The pre-processing procedure of the ribosome profiling data and the parallel RNA-seq data has been described previously [13, 44]. Specifically, the 3' adaptors were trimmed from the raw reads of both the mRNA and RPF. Low-quality reads with Phred quality scores lower than 20 (>50% of bases) were removed using the fastx quality filter (http://hannonlab.cshl.edu/fastx_toolkit/). The reads originated from rRNAs were identified and discarded by aligning the reads to human rRNA sequences (5S, 5.8S, 18S, and 28S) using Bowtie (version 1.1.2) with no mismatch allowed. The remaining reads were then mapped to the human genome and spliced transcripts using STAR with the following parameters: --outFilterType BySJout --outFilterMismatchNmax 2 --outSAMtype BAM --quantMode TranscriptomeSAM --outFilterMultimapNmax 1 --outFilterMatchNmin 16.
Analysis of gene differential translation efficiencies
The bioinformatics pipeline Xtail was used for quantitative and systematic analyses of the differential translation efficiencies between each pair of tumor and normal tissue samples for each HCC patient . Preparation of the data for Xtail has been described previously [13, 44]. Specifically, the mRNA expression was estimated by the RNA-seq reads, which were counted using HTSeq-count (version 0.7.2) [13, 45]. The RPF reads were subjected to multiple steps of read filtering, which reduced the technical noise of ribosome profiling and extracted the reads originating from ribosome-binding and translating sequences in coding regions. First, RPF reads with lengths of 25-35 nt were deemed high quality and most likely to be from ribosome-occupied RNA in human cells. Second, reads with multiple alignments were discarded, and only the reads uniquely mapped to the coding regions were counted for RPFs.
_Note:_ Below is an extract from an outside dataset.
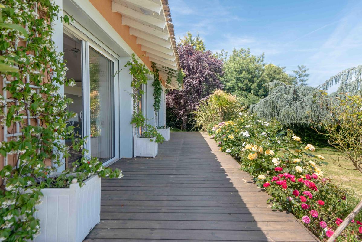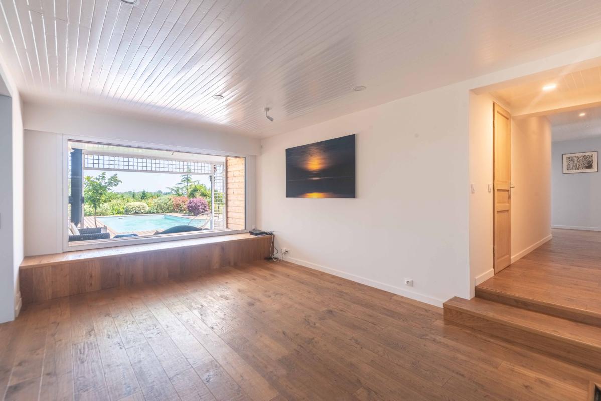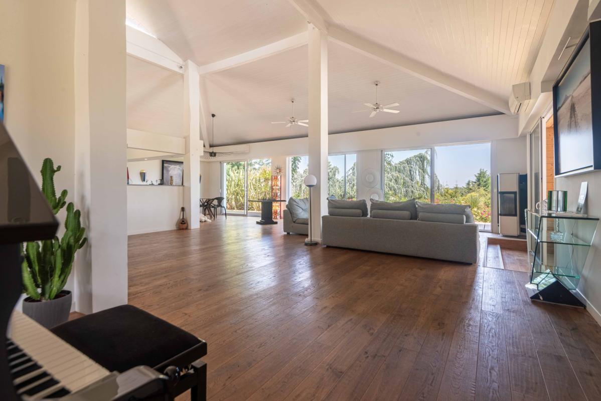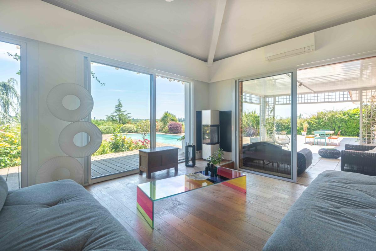PROCHE LATRESNE – IMMOBILIER RIVA vous propose cette belle villa d’exception baignée de lumière aux beaux volumes salon séjour (100 m2), cuisine équipée us, 5 chambres dont une suite parentale avec dressing et salle d’eau, 1 salle de bains, 2 salles d’eau. Il y a également une dépendance avec salle de sport, buanderie et garage, une piscine 12 x 4 m au sel, chauffée par pac et sécurisée par un volet roulant ainsi qu’une belle terrasse avec pergola ou il fait bon se poser afin d’admirer le beau jardin paysager de 2776 m2 avec vue dégagée sur les côteaux. Bien rare .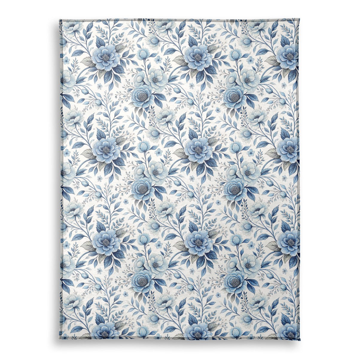 This image displays a seamless floral pattern with elegant, watercolor-style illustrations. Various blue flowers, from light to deep indigo, are intertwined with matching leaves and stems on a clean white background, creating a classic and delicate botanical design.

Third, due to the potential accumulation of ribosomes around the starts and ends of coding regions, reads aligned to the first 15 and last 5 codons were excluded for counting of RPFs.
Most of the bioinformatics algorithms for differential translation analysis with ribosome profiling data require at least 2 replicates for each group of samples. However, due to the extensive inter-tumoral heterogeneity across the 10 HCC patients as shown in Fig. 1, it would be inappropriate to treat the 10 tumors and the 10 adjacent normal samples simply as two groups with 10 replicates each. Therefore, we first performed genome-wide differential translation analysis between the tumor and normal tissues for each HCC patient. This was done with Xtail, as it allows analysis of differential translation without replicates . Specifically, the RNA and RPF read counts of the paired tumor and adjacent normal tissue samples from one patient were processed by the Xtail algorithm, which yielded TE fold change and P-value as an assessment of the differential translation for each gene in each of the 10 HCC patients (Supplementary File 3).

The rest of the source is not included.